Engel Housen, Miami, for appellant.

Richard W. Ervin, Atty. Gen., and Irving B. Levenson, Asst. Atty. Gen., for appellee.


Floyd Albert Holzapfel was tried and convicted in the Criminal Court of Record of breaking and entering a building with intent to commit grand larceny. He was adjudged guilty and sentenced to confinement at hard labor in the state penitentiary for a term of fifteen years. From the judgment and sentence he has appealed to this court. He presented for review 14 assignments of error under 6 points. In view of the holding of this court that the judgment and sentence must be set aside and the trial court directed to grant the defendant's motion for a new trial, it is necessary to consider only points numbered 5 and 6.
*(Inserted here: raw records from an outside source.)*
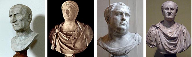 Aulus Vitellius Germanicus (September 24 AD 15 - December 22, 69) was Roman Emperor for eight months, from 16 April to 22 December 69. Vitellius was acclaimed Emperor following the quick succession of the previous emperors Galba and Otho, in a year of civil war known as the Year of the Four Emperors.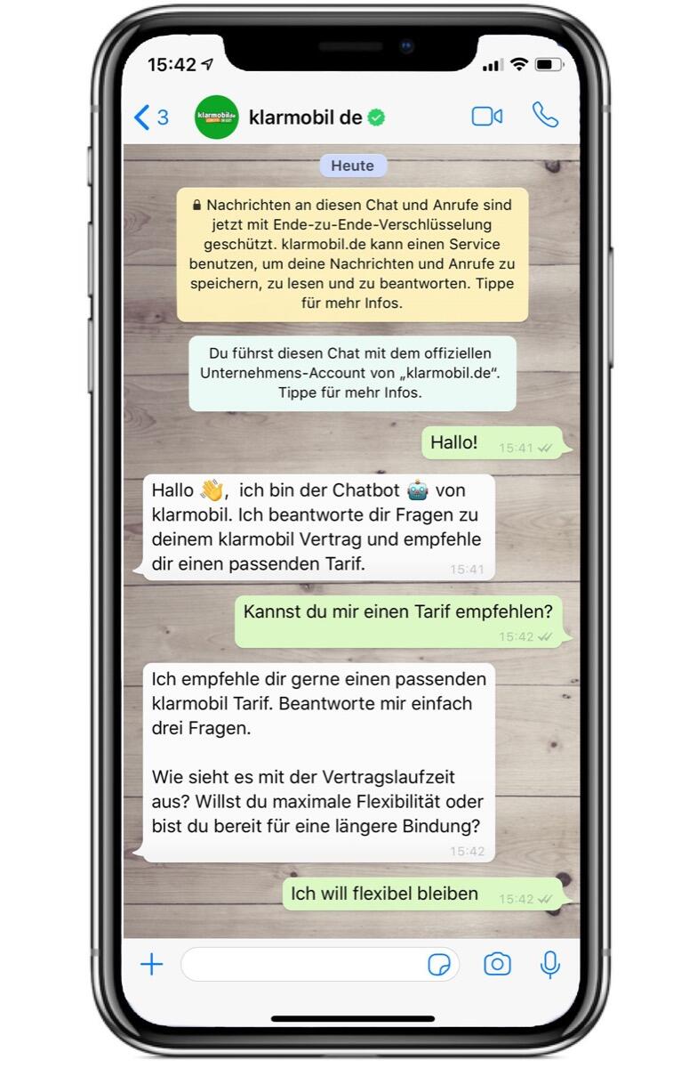 Der Mobilfunkdiscounter klarmobil.de stellt seinen Kunden ab sofort einen Messenger-Bot für WhatsApp zur Verfügung. Die „meisten“ Kundenanfragen können laut des Providers somit automatisiert und damit innerhalb von Sekunden beantwortet werden.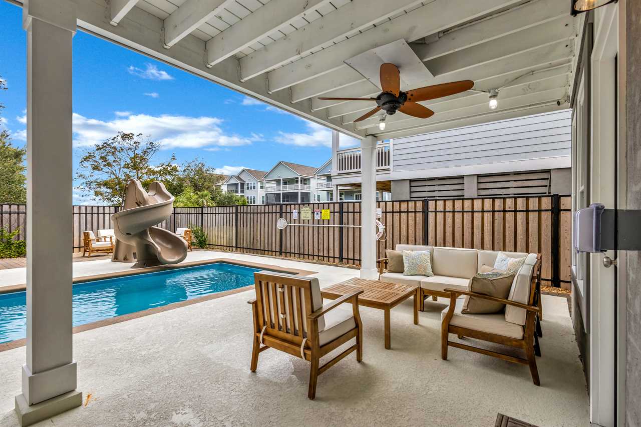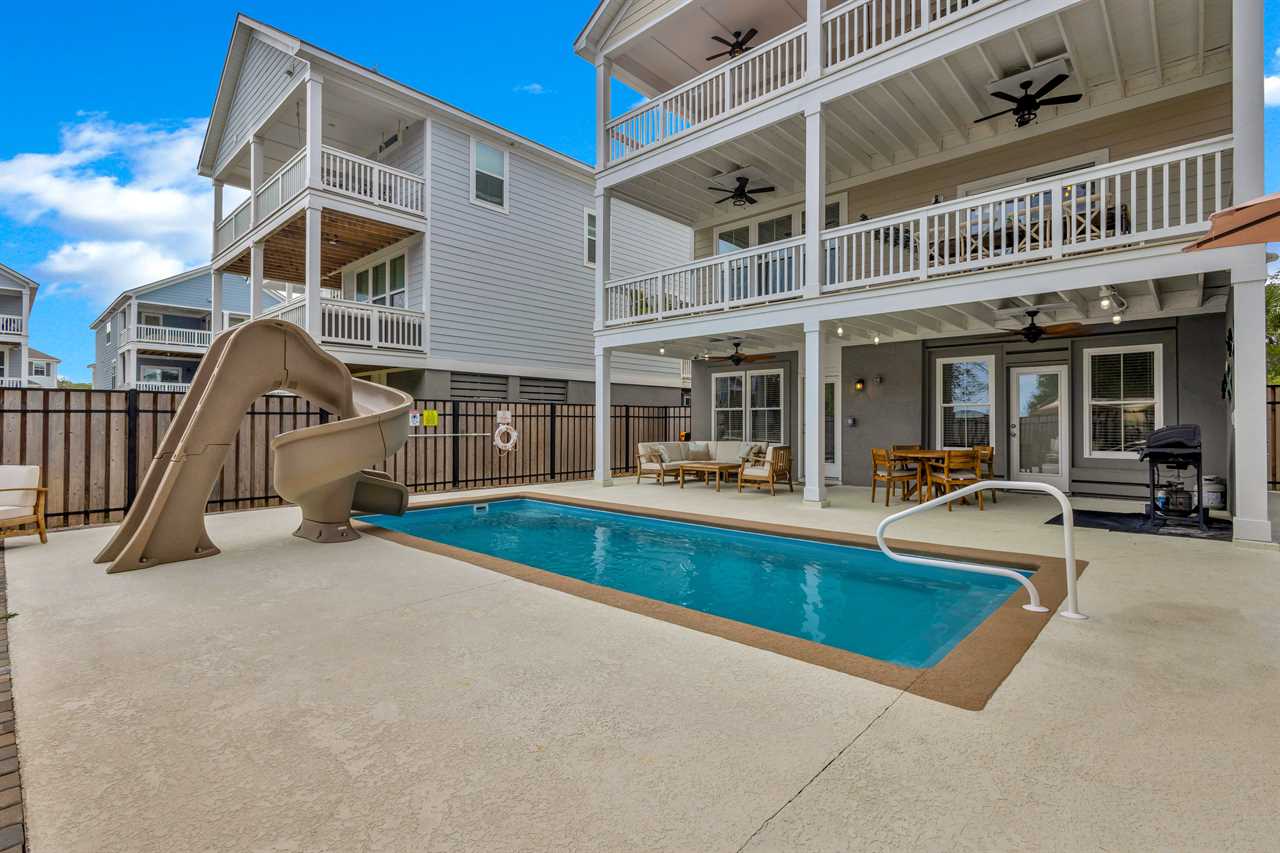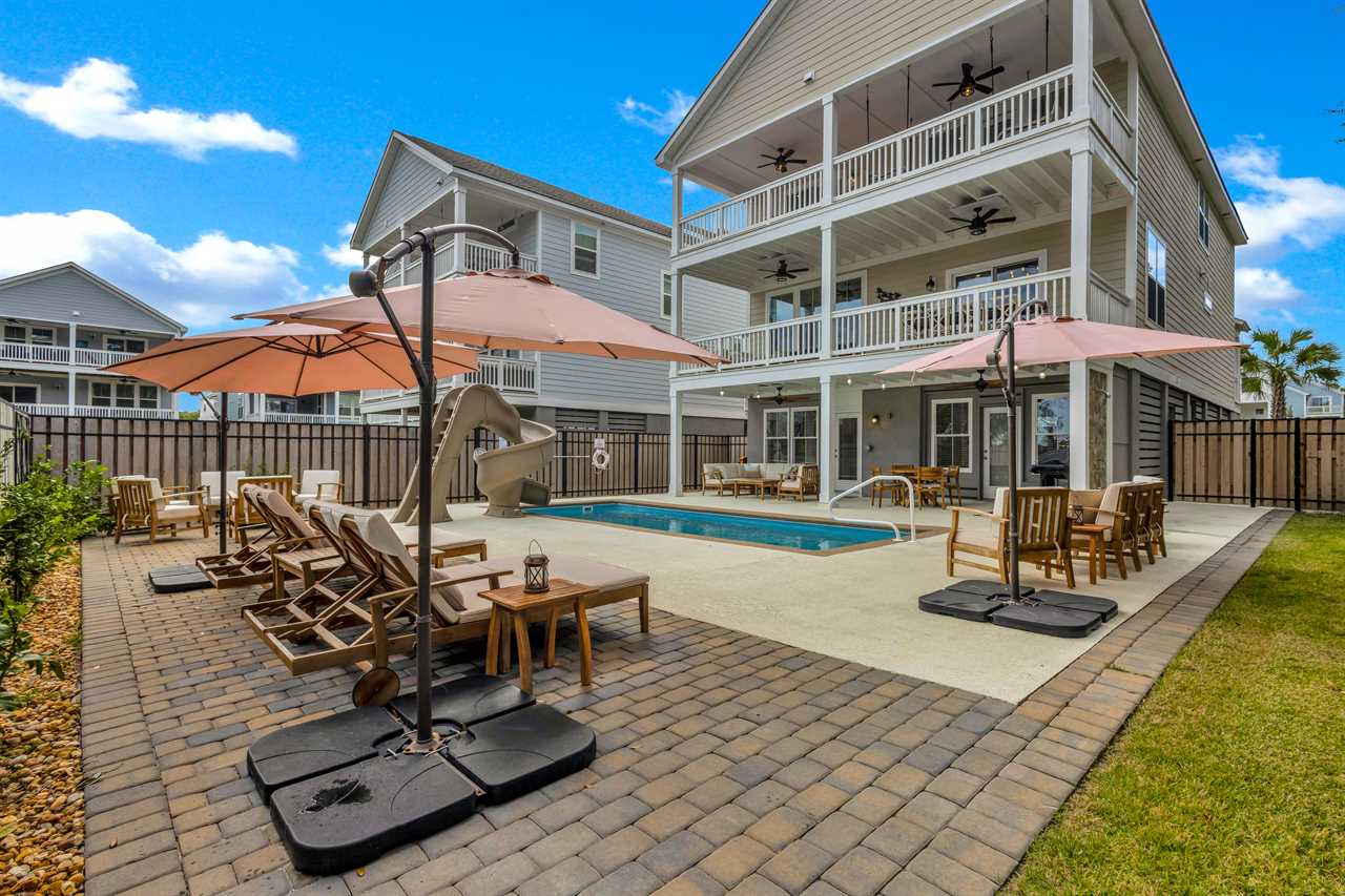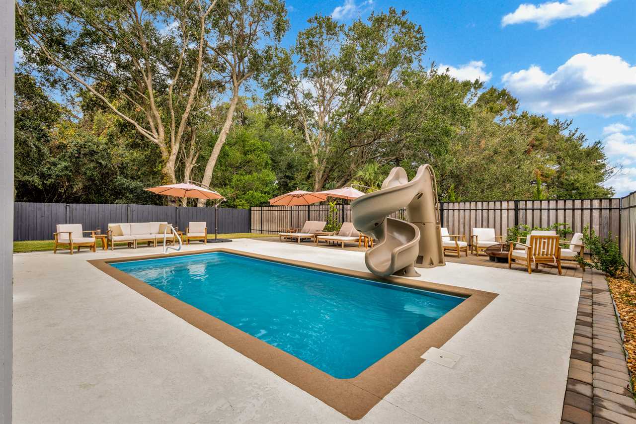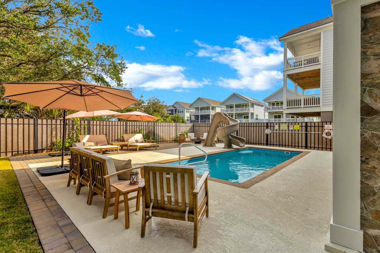 Welcome to Spinner's End located at 6 Talon Court, just a .5 mile walk from Fish Haul Beach with stunning ocean views from multiple decks. This 3,800 sq ft beauty hosts up to 18 guests and welcomes your pet too! Enjoy its unique layout designed for the comfort of a big group, including a fenced yard with a pool, waterslide, and a fire pit. The home is loaded with family-friendly amenities like cinema room, ping pong and more! Book your dream Hilton Head Island getaway with Host Home! ☆☆ HIGHLIGHTS ☆☆ ✹ 6 bedrooms for up to 18 guests: 2 King En-suites + 3 Queen Rooms + 1 Bunk Room with 2 Full over Queen Beds + 1 Queen Sleeper Sofa in the cinema room on 2d floor ✹ Pet-friendly: Bring your furry dog! 1 dog 60lb or less, or 2 dogs where their combined weight does not exceed 100lbs is allowed. There is an additional non-refundable pet fee of $300 for up to 2 dogs ✹ Outdoor Oasis: fenced yard, heated pool with a slide, fire pit, and outdoor furniture ✹ Family-friendly amenities: beach and baby gear, cinema room, ping pong, family room with a wet bar by the pool ✹ Chef s kitchen with high end appliances ✹ Spacious living areas with multiple large deck access and Atlantic ocean views ✹ High-speed Wi-Fi w/ 9 smart TVs in very room and common area ✹ Location: Hammock Breeze Community, historic Mitchelville section, Hilton Head Island. ✹ Beach Access: Just a short .5 mile walk to the peaceful Fish Haul Beach. ✹ Local Attractions: Learn American History at Fort Howell or go Clamming with the fam on Port Royal Sound - all within walking distance! Eager to Read More? Here Are A Few Kind Words From Our Previous Guests: Our family had a great stay at one of the Host Home homes. We loved the welcome basket with snacks, wine, and flowers upon our arrival. The kitchen is stocked with everything needed, the space is roomy and modern, and several beach items like towels, toys, chairs, and a wagon made going to the beach easy. We highly recommend it and hope to come back for another visit soon! Tanner (Other Location) We had amazing communication from Host Home. They were great to deal with answered our questions very promptly. Everything was organized very well organized. I would highly recommend them. Karen (Other Location) Really enjoyed our stay!! Condo is clean and well decorated. Love the beach towels available. Love how helpful and friendly Host and Home was from booking to the end. Would book here and with Host and Home again for sure! Stephanie (Other Location) ☆☆ COASTAL LIVING AT IT S FINEST ☆☆ Located near the historic Mitchellville section of Hilton Head Island, this hidden gem of a home with views of the Port Royal sound is perfect for sunset strolls on a secluded beach, just a 10-minute walk away. This spacious residence extends its charm beyond its interiors. Surrounding porches offer cozy spots for socializing, diving into a good book, or simply enjoying the Lowcountry breezes and ocean views. ☆☆ LIVING AREA ☆☆ Ground floor features a spacious Family Room off the pool deck, complemented with a full-sized refrigerator in kitchenette. It also boasts a sleeper sofa for extra guests or movie nights together, and hall bathroom with walk-in shower. On the 1st floor, discover a sanctuary with a newly appointed kitchen featuring state-of-the-art appliances and ample pantry storage, perfect for entertaining a big group. The spacious living room, complete with a smart TV, is ideal for movie nights, while the adjoined porch provides ample seating for outdoor gatherings. If it s not enough, the 2d floor offers another living room with oversized TV and upper deck access offering stunning ocean views. It is decorated as a cinema room and would be a perfect place to entertain your kids. Just imagine yourself chilling on large porch swings with a beverage of your choice after a day full of island fun. What a life! Ground Floor: ✓ Family room off pool deck with sectional sofa ✓ Full sized refrigerator in kitchenette with sink off pool deck ✓ Smart TV ✓ Garage with ping-pong table and beach gear First Floor: ✓ Indoor-Outdoor concept with large windows that flood the space with natural light ✓ Kitchen and Dining areas ✓ Comfortable furniture with Smart TV for catching a game ✓ Deck with additional dining area, comfortable outdoor furniture and ocean views Second Floor: ✓ Cinema Room with extra large TV ✓ 2 Sleeper Sofas in the cinema room ✓ Covered deck with 2 large porch swings and wicker furniture overlooking Atlantic Ocean ✓ Fully equipped laundry room for the comforts of home ✓ Hall bathroom with tub/shower combo ☆☆ OUTDOOR PRIVATE OASIS From the Family Room on the ground floor, step outside onto the private oasis overlooking the shimmering pool, adorned with comfortable seating, lounge chairs and outdoor shower perfect for relaxation and leisure. Fenced yard with plenty of outdoor furniture is an ideal place to play gather with your loved ones and let your fido roam off leash. ✓ Private heated 10 x 25 , 5 deep pool (fees apply, see below) ✓ Pool slide ✓ 2 double lounge chairs ✓ Covered deck with outdoor seating and plenty of outdoor furniture throughout ✓ Fire Pit ✓ Propane grill station ☆☆ KITCHEN AND DINING ☆☆ At the heart of the home lies a chef s kitchen, featuring top-of-the-line appliances like 6-burner gas range and double oven. Its open-plan layout transforms mealtime into a joyous occasion, offering ample seating at the island and adjacent dining tables. Perfect for shared moments and lively conversations, it creates an inviting atmosphere for gatherings and dining experiences. ✓ Brand new stainless appliances and granite countertops ✓ Everything necessary to cook and serve most meals ✓ Dripping and Keurig coffee makers ✓ Dining table seats up to 10 ✓ Kitchen island with additional 6 seats ✓ Outdoor dining area with seating for 6 ☆☆ BEDROOMS BATHROOMS ☆☆ Gorgeous Primary bedroom adorne

Under point numbered 5 the defendant questions the sufficiency of the evidence to support the conviction upon the contention that the evidence failed to establish the possessory right to the premises alleged to have been invaded.

Point 6 urges that the defendant is entitled to a new trial under section 920.05(1) (a), Fla. Stat., F.S.A. It is alleged that the jurors were guilty of misconduct by communicating with the officer in charge of the jury and receiving from said officer certain instructions outside of the presence of the defendant and the presence of the presiding judge.

"(1) The court shall grant a new trial if any of the following grounds are established, provided the substantial rights of the defendant have been prejudiced:
"(a) That the defendant was not present at any proceeding where his presence is required under the criminal procedure law."

For convenience we will first discuss point 6. The record reveals that after the jury had retired the court was informed that the bailiff had communicated with the jury. The court recalled the jury and the following discussion took place.

"The Court: The bailiff tells me you asked him a question and he gave you an answer and I want to tell you it is improper for him to tell you anything.

"The Foreman: The charge was breaking and entering with intent to commit grand larceny?

"The Court: Correct. What did you ask the bailiff?

"The Foreman: That is the question.

"The Court: What did he tell you?

"The Foreman: He said it was right.

"The Court: Did you ask him anything else?

"The Foreman: No.

"The Court: Is there anything else you want to know in that regard before I send you back?

"The Foreman: No sir.

"The Court: All right, go ahead."

Whereupon, the jury retired from the courtroom at 11:00 P.M.

Upon motion for new trial an effort was made to determine exactly what occurred between the bailiff and the jury. At that time the court took the testimony of the deputy clerk of the court:

"It is my recollection that the bailiff came in, and the Court inquired as to what the jury requested and the bailiff announced to the Court that the jury was asking about the difference between grand larceny and other larceny, and the Court asked the bailiff what he told the jury and the bailiff said, `I informed them grand larceny was of the value of more than $100.' That is the best of my recollection."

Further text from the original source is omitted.